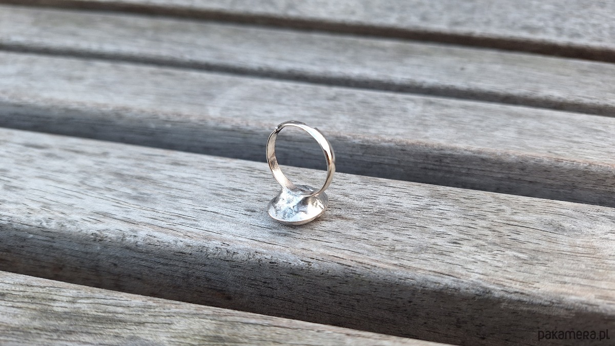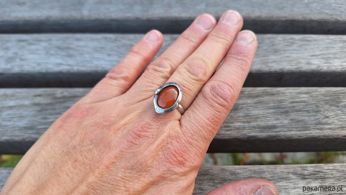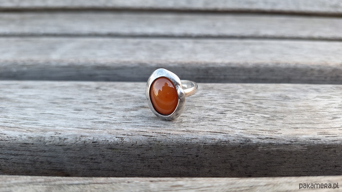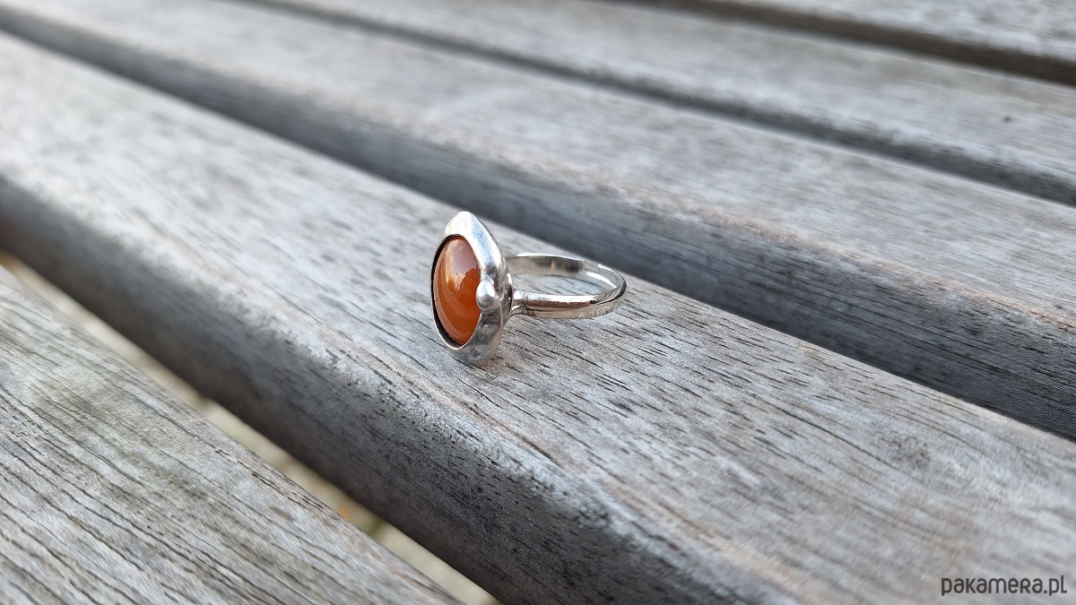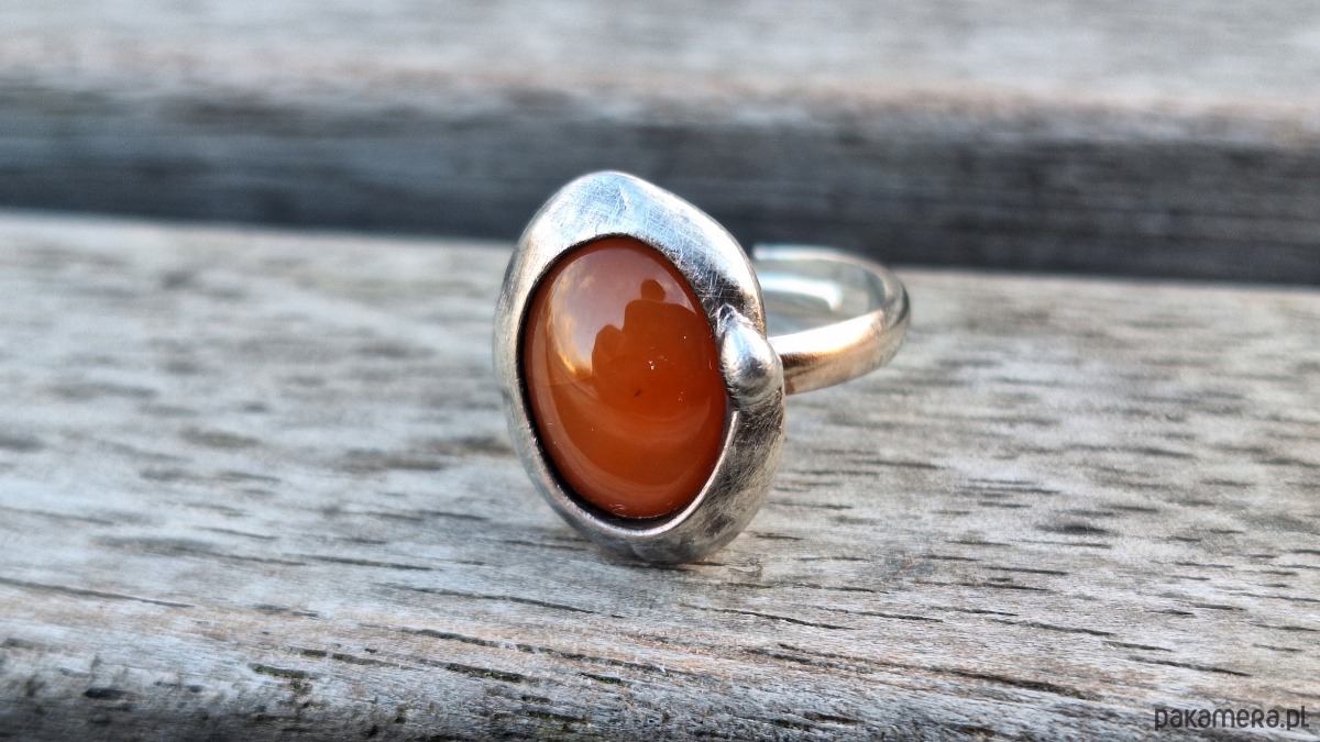 Pierścionek wykonany z miedzi, cyny i naturalnego karneolu. Wymiary ok. 1.5 na 1.1 cm. Regulowany. Nie jest ciężki.
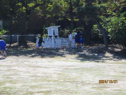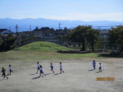 秋晴れのさわやかな天気です。グラウンドで元気に遊んでいます。
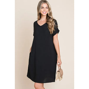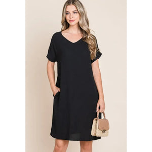 This V-neck short sleeve dress with pockets is a versatile and stylish addition to your wardrobe. The V-neck design adds a touch of femininity, while the inclusion of pockets offers both convenience and practicality. Perfect for various occasions, this dress combines fashion and functionality for a chic and effortless look.
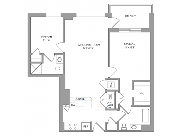 1BR/1BA Den - Plano 12 Unidad de apartamento: 311Modelo de apartamento: 1BR/1BA Den1 Dormitorio, 1 Baño, 855 sq ftDisponible January 17, 2026![]()
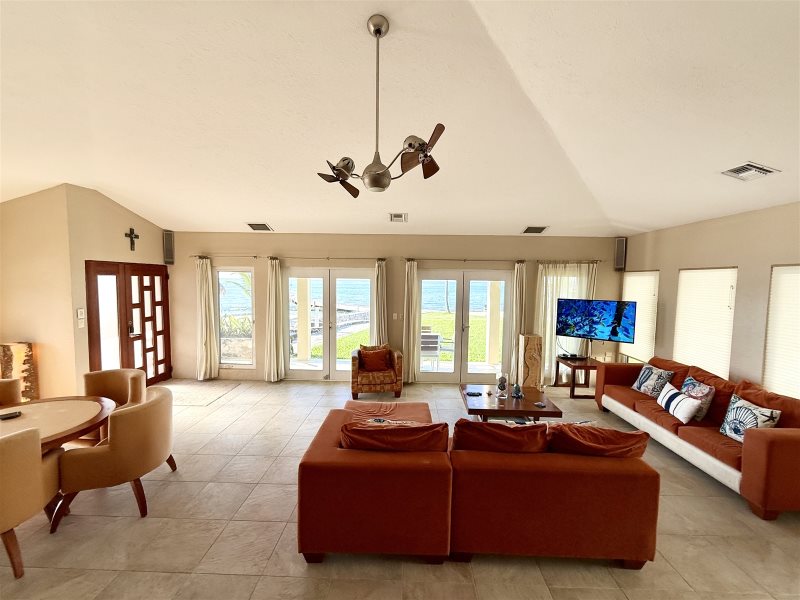 Alegria is an elegant seaside villa with state of the art modern amenities and glorious ocean vistas will delight your heart with island fantasies come true. This 3 bedroom, 3-1/2 bath home is ideal for entertaining friends and family who appreciate the finer things in life, like rich wood furnishings, brushed stainless steel, and elegant lighting. Gently swing open the patio doors and sink your feet in the sand! Alegría is a unique blend of luxury and the simplicity of Caribbean living.
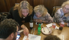 Az első tánc után kezdetét vette a vacsora, majd egy újdonság következett az itteni táncházak történetében: egy rövid kvízestre invitáltuk az érdeklődőket. Három csapatot alkottunk, figyelve arra, hogy mindenütt legyen egy „beépített ember”, aki tud segíteni, ha a magyarul nem beszélő csoporttársai elakadnak valahol. Próbáltuk olyan kérdésekből (mind magyarul, mind spanyolul feltéve) felépíteni a keresztrejtvényt, melyekre mindenki tudja a választ, aki már valaha hallott Magyarországról, hiszen a cél az volt, hogy mindenki jól érezze magát amellett, hogy valami újdonságot tanulhatott a hazánkról.
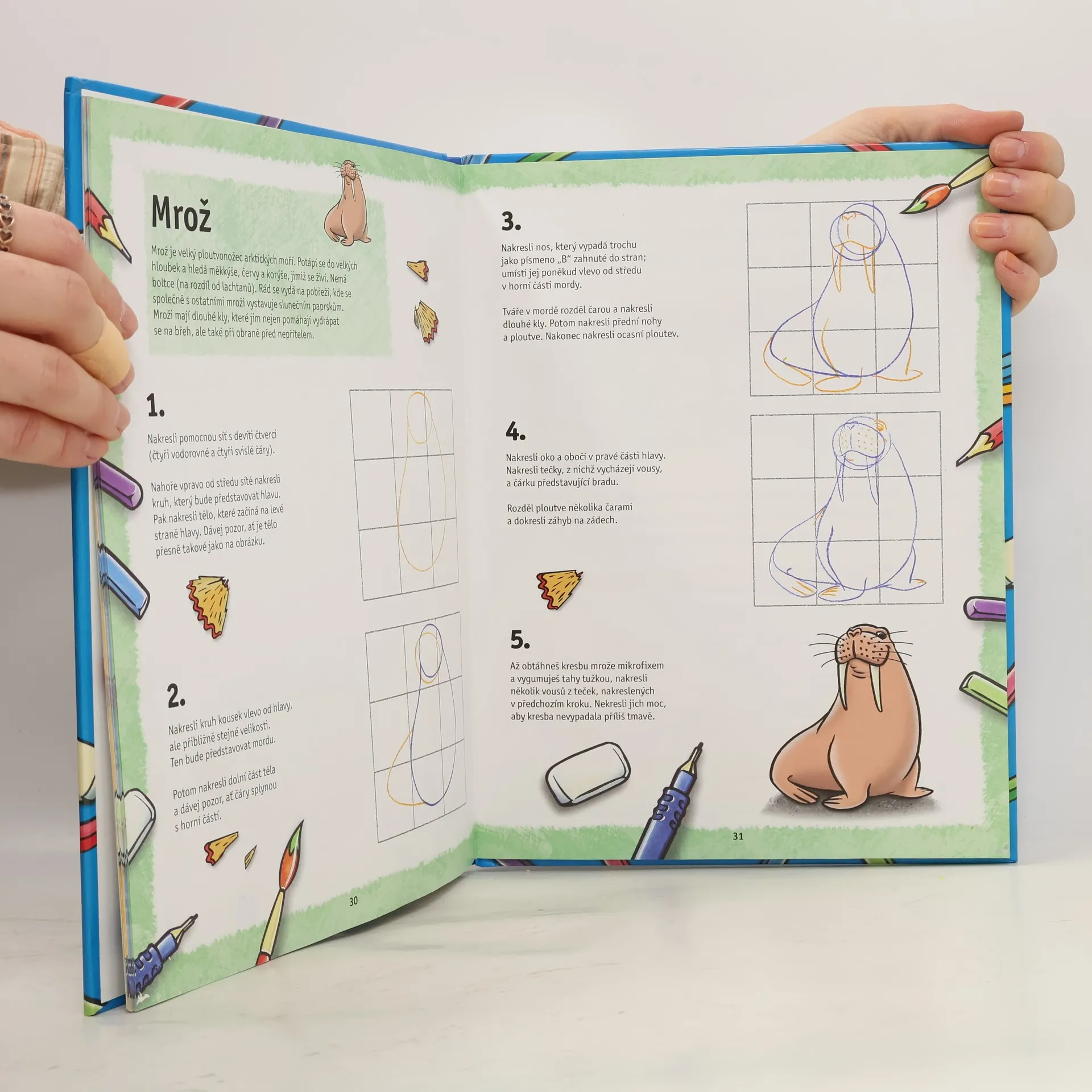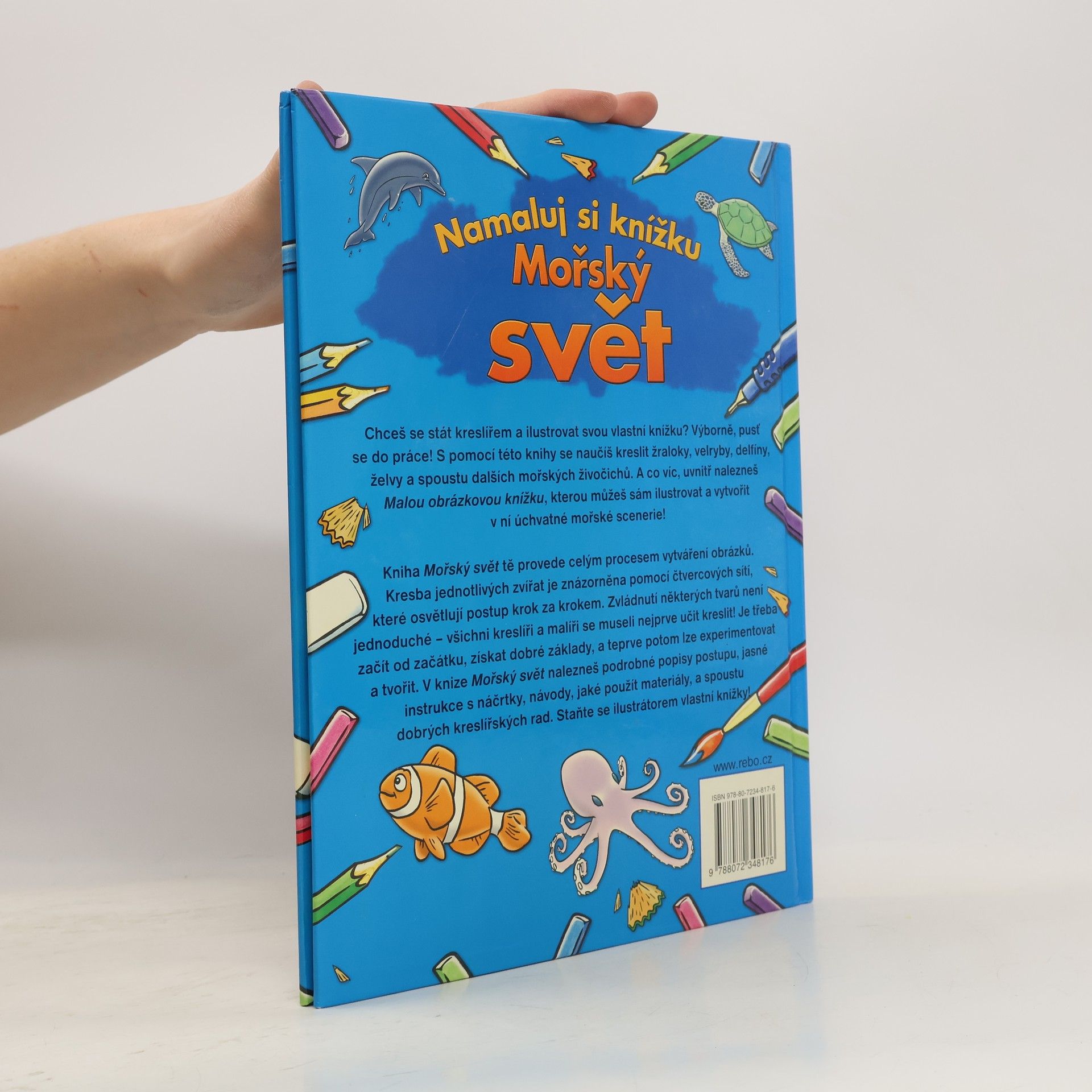 Výborně, pusť se do práce! S pomocí této knihy se naučíš kreslit žraloky, velryby, delfíny, želvy a spoustu dalších mořských živočichů. A co víc, uvnitř nalezneš Malou obrázkovou knížku, kterou můžeš sám ilustrovat a vytvořit v ní úchvatné mořské scenérie. Chceš se stát kreslířem a ilustrovat svou vlastní knížku?

TASK BRIEF :: The reply must match the records exactly, apart from the pictures, which are left out.

YOUR RESPONSE ::
 Pierścionek wykonany z miedzi, cyny i naturalnego karneolu. Wymiary ok. 1.5 na 1.1 cm. Regulowany. Nie jest ciężki.
 秋晴れのさわやかな天気です。グラウンドで元気に遊んでいます。
 This V-neck short sleeve dress with pockets is a versatile and stylish addition to your wardrobe. The V-neck design adds a touch of femininity, while the inclusion of pockets offers both convenience and practicality. Perfect for various occasions, this dress combines fashion and functionality for a chic and effortless look.
 1BR/1BA Den - Plano 12 Unidad de apartamento: 311Modelo de apartamento: 1BR/1BA Den1 Dormitorio, 1 Baño, 855 sq ftDisponible January 17, 2026![]()
 Alegria is an elegant seaside villa with state of the art modern amenities and glorious ocean vistas will delight your heart with island fantasies come true. This 3 bedroom, 3-1/2 bath home is ideal for entertaining friends and family who appreciate the finer things in life, like rich wood furnishings, brushed stainless steel, and elegant lighting. Gently swing open the patio doors and sink your feet in the sand! Alegría is a unique blend of luxury and the simplicity of Caribbean living.
 Az első tánc után kezdetét vette a vacsora, majd egy újdonság következett az itteni táncházak történetében: egy rövid kvízestre invitáltuk az érdeklődőket. Három csapatot alkottunk, figyelve arra, hogy mindenütt legyen egy „beépített ember”, aki tud segíteni, ha a magyarul nem beszélő csoporttársai elakadnak valahol. Próbáltuk olyan kérdésekből (mind magyarul, mind spanyolul feltéve) felépíteni a keresztrejtvényt, melyekre mindenki tudja a választ, aki már valaha hallott Magyarországról, hiszen a cél az volt, hogy mindenki jól érezze magát amellett, hogy valami újdonságot tanulhatott a hazánkról.
 Výborně, pusť se do práce! S pomocí této knihy se naučíš kreslit žraloky, velryby, delfíny, želvy a spoustu dalších mořských živočichů. A co víc, uvnitř nalezneš Malou obrázkovou knížku, kterou můžeš sám ilustrovat a vytvořit v ní úchvatné mořské scenérie. Chceš se stát kreslířem a ilustrovat svou vlastní knížku?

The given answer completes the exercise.